Pazartesi, Mayıs 12, 2008

"Try to run but it follows you up a hill..."

Midem bulanıyor bazen bazı şeyleri düşündükçe. Nasıl olabilir diye düşününce aklımın almadığı, insan doğasının kontrolsüz halde aldığı şekil, o karanlık noktalar midemi bulandırıyor. Hiç bir zaman bu kadarına şahit olmamıştım sanırım. Bu kadar karanlığına maruz kalacağımı, bu kadar karanlığın beni bu hale getirebileceğini hiç düşünmemiştim sanırım. Zaten başıma ne gelirse böyle absurd rahatlığımdan, insanlarla tanıştığımda ve onları hayatıma alırkenki kriterlerimin içinde "güven" kelimesinin anlamının olmayışından, herkesi "niye bana kötülük yapsınlar ki zaten" gibi bir yaklaşımla değerlendirişimden geliyor sanki. Azıcık bozulmamış bir tarafım vardıysa artık o da yok sanırım.

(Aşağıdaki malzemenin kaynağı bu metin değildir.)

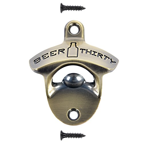Barware Gear Wall Mounted Bottle Opener Beer Thirty with Free Stainless Steel Mounting Screws. Pop the cap and open your Beer and Soda in Style. Wall Hung Beer Opener for Bar or Kitchen. Antique Brass
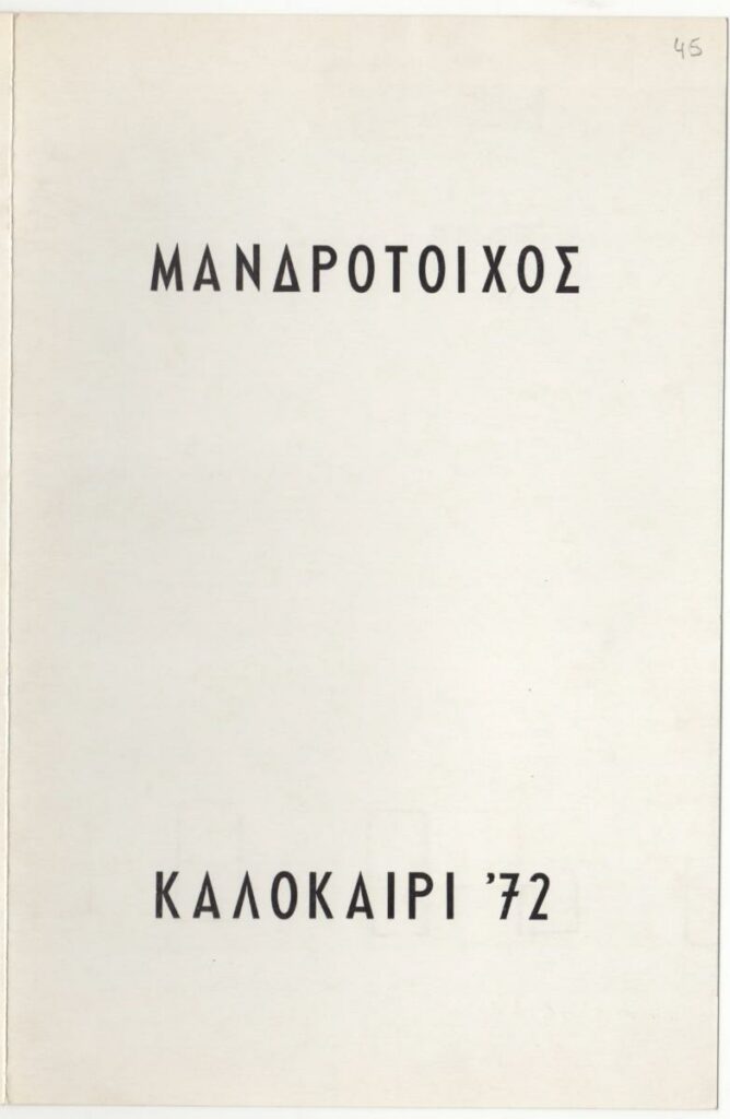 Έντυπο ομαδικής έκθεσης στον Μανδρότοιχος, στην οικία του Σπύρου Βασιλείου στην Ερέτρια.
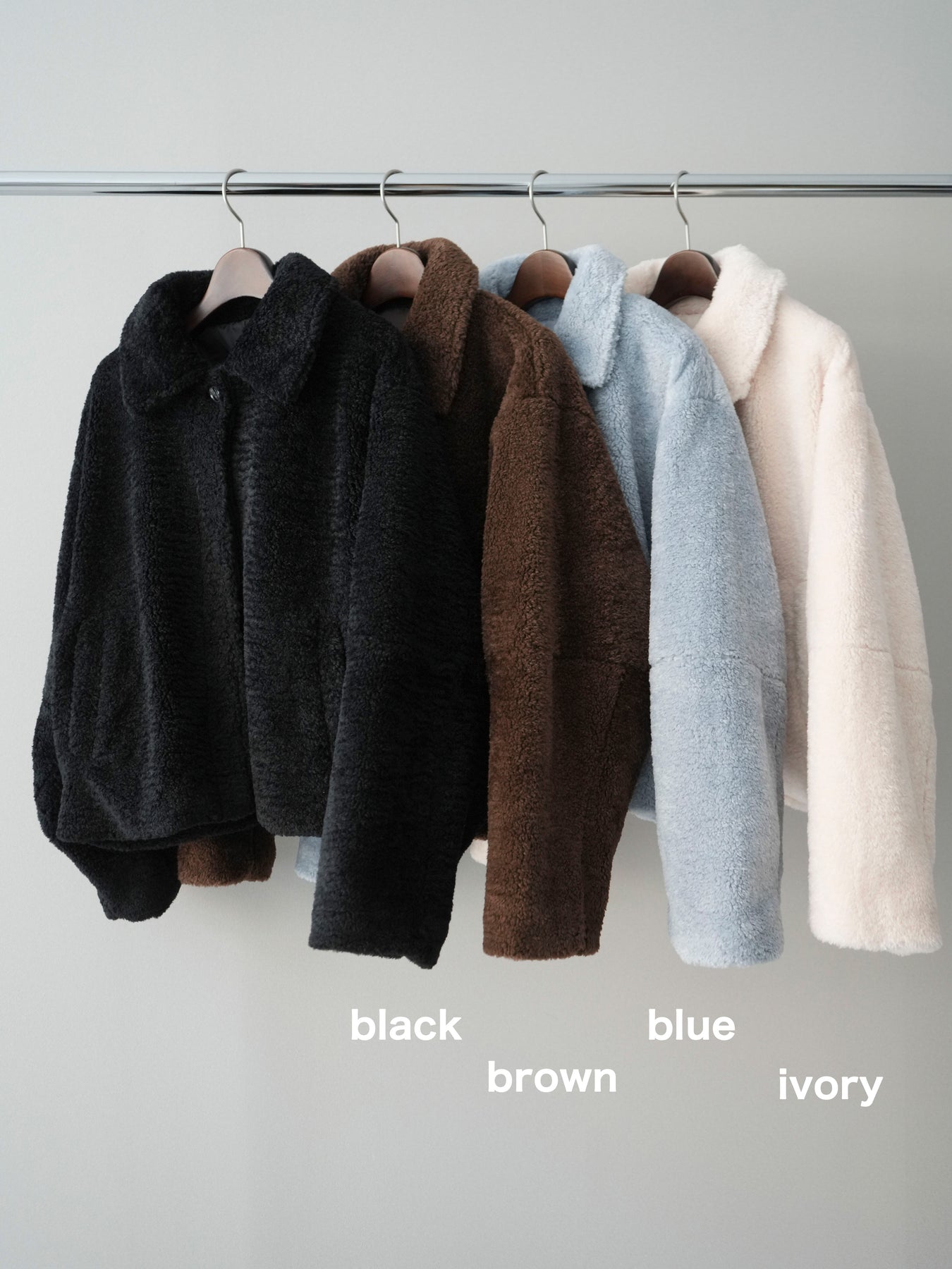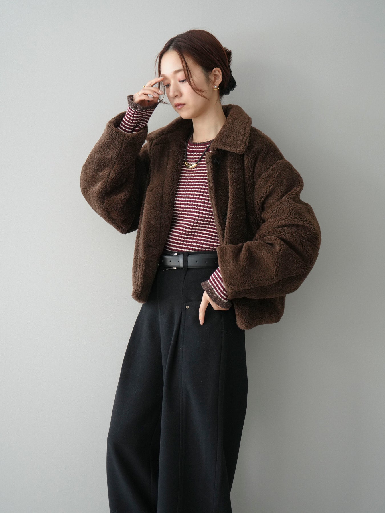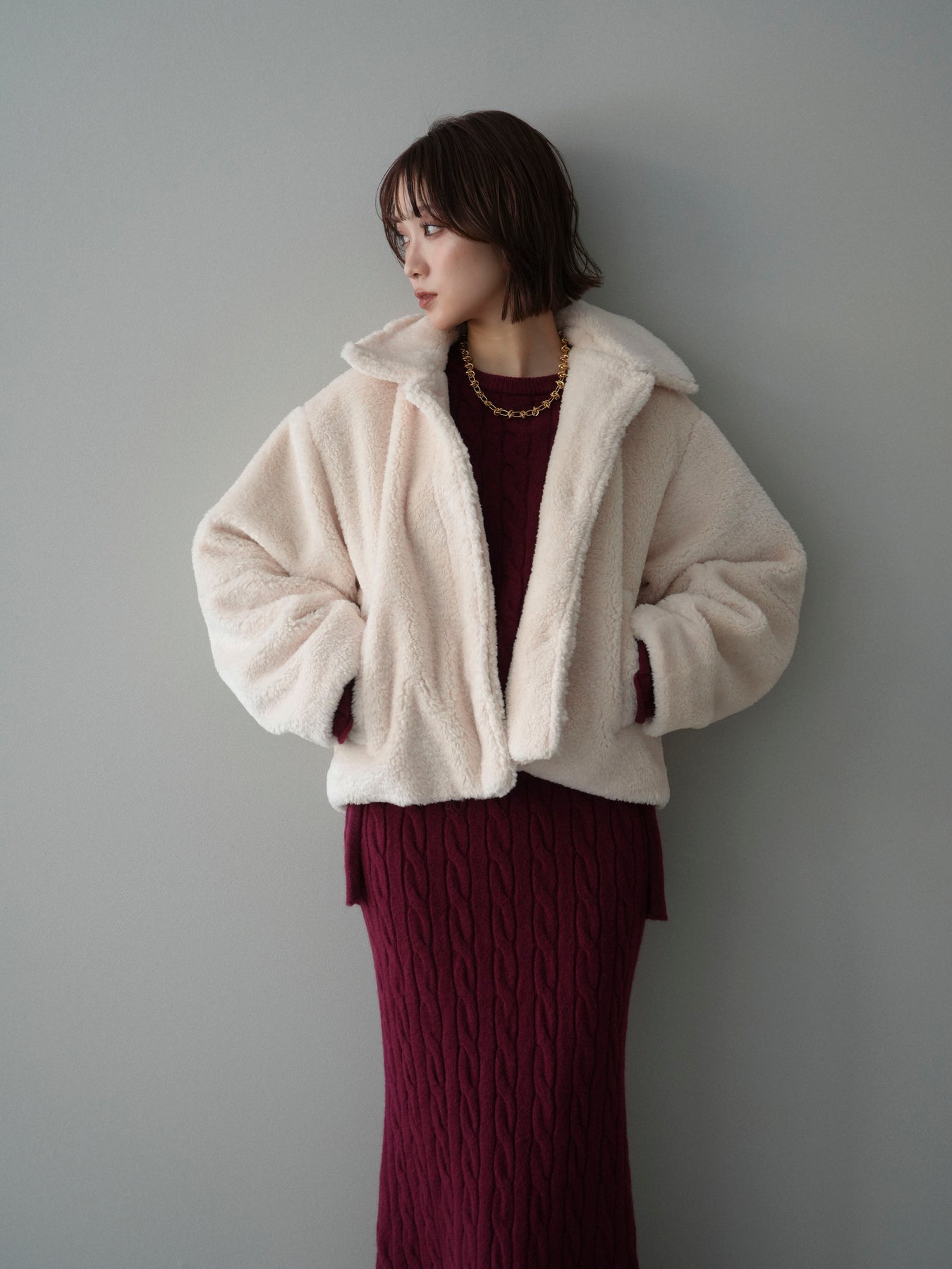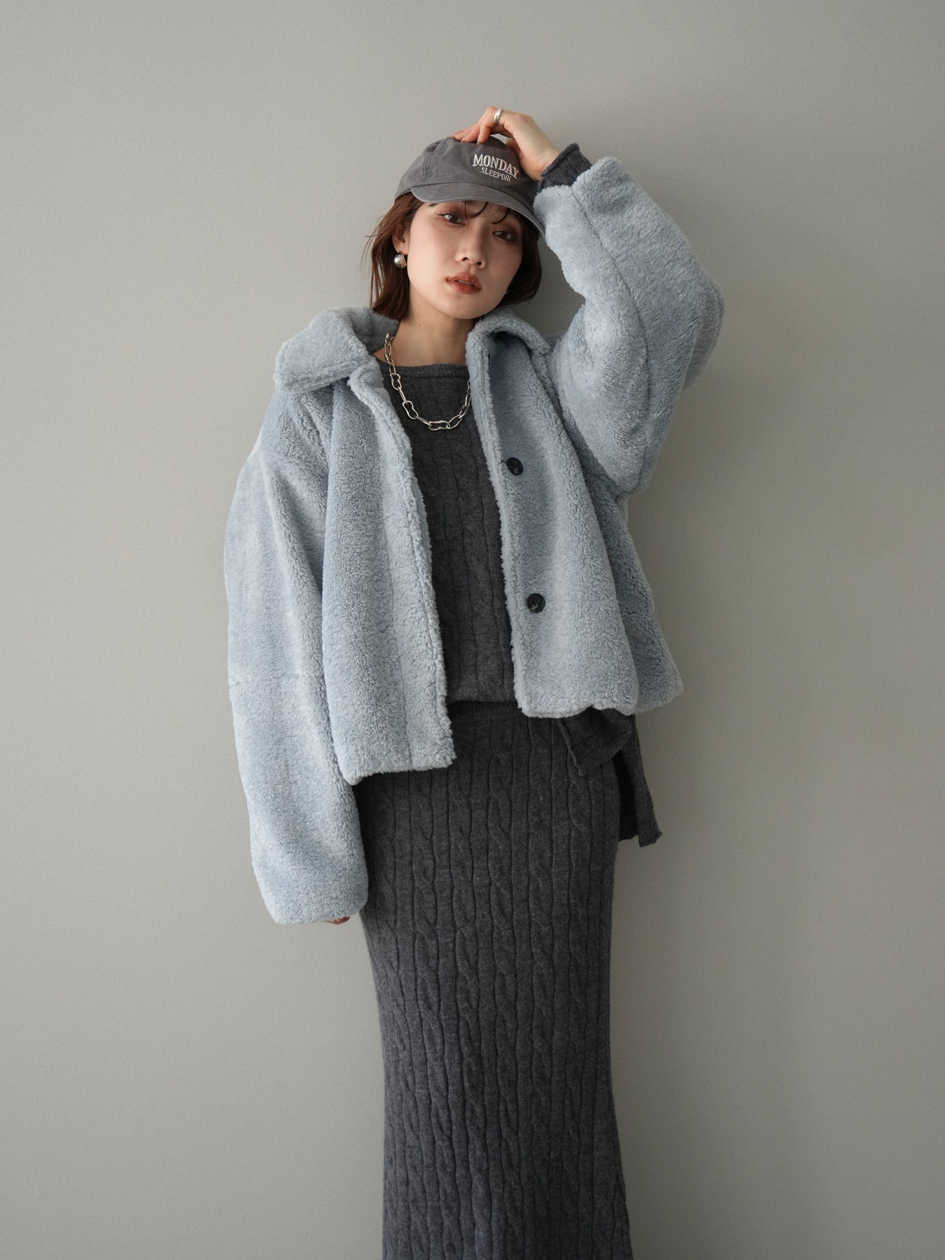 やわらかなエコファー素材を使用したステンカラージャケット。程よいボリューム感とコンパクトな丈感のバランスが良く、羽織るだけで季節感のあるスタイリングが完成します。カジュアルにもきれいめにも取り入れやすく、幅広いコーディネートに活躍する一着です。

Neyse ki az önce bilmemkimin gelmesiyle duyulan bazı şeyleri ben de İ. sayesinde duydum. Bunları zaten yüzlerce kez kendi başıma düşünmüştüm. Pratiğim vardı, herkese tüm analizlerimi söylüyordum. Onaylanmasından başka da bir şey olmadı zaten. Ama açıldıkça, canımı sıkıyor bu konu. Hiç düşünmeden ve sınırsızca verilen bir sevginin değeri hiçbir zaman olmuyor; biliyorum. Bu kadar hoyratça kullanıldı içimdeki sevgiye dair her kırıntı ve şimdi, zamanında Mudo'daki satış görevlisinin nasıl da paketlemeye gösterdiği özene o birinin arkasına saklanarak gülmüş olduğuma utanıyorum. Herkes o adam gibi özenli olmalı; olmayacak şeyler söylememeli; sözlerini bin düşünüp bir söylemeli. Kafasındakilerle beraber içindeki değerlerin de yandığı kimseye bulaşmamalı. İnsan kendisine özgü olan eşi benzeri bulunmayan o çok değerli sevgisini alelade vermemeli bu kadar basit.

Sanırım son yaşadıklarımdan sonra tüm bu yazdıklarımı unutmam imkansız. Buraya yazıp, pekiştireyim istemiş olmalıyım ki duramadım yazdım sıcak sıcak taze taze. Aşk falan hikaye, yok öyle bir şey diyip, bu post'a ve içimde varoluşuyla kendini ve beni gittikçe çürüten birinin imgesine son vereyim diyorum. İyi yapıyorum.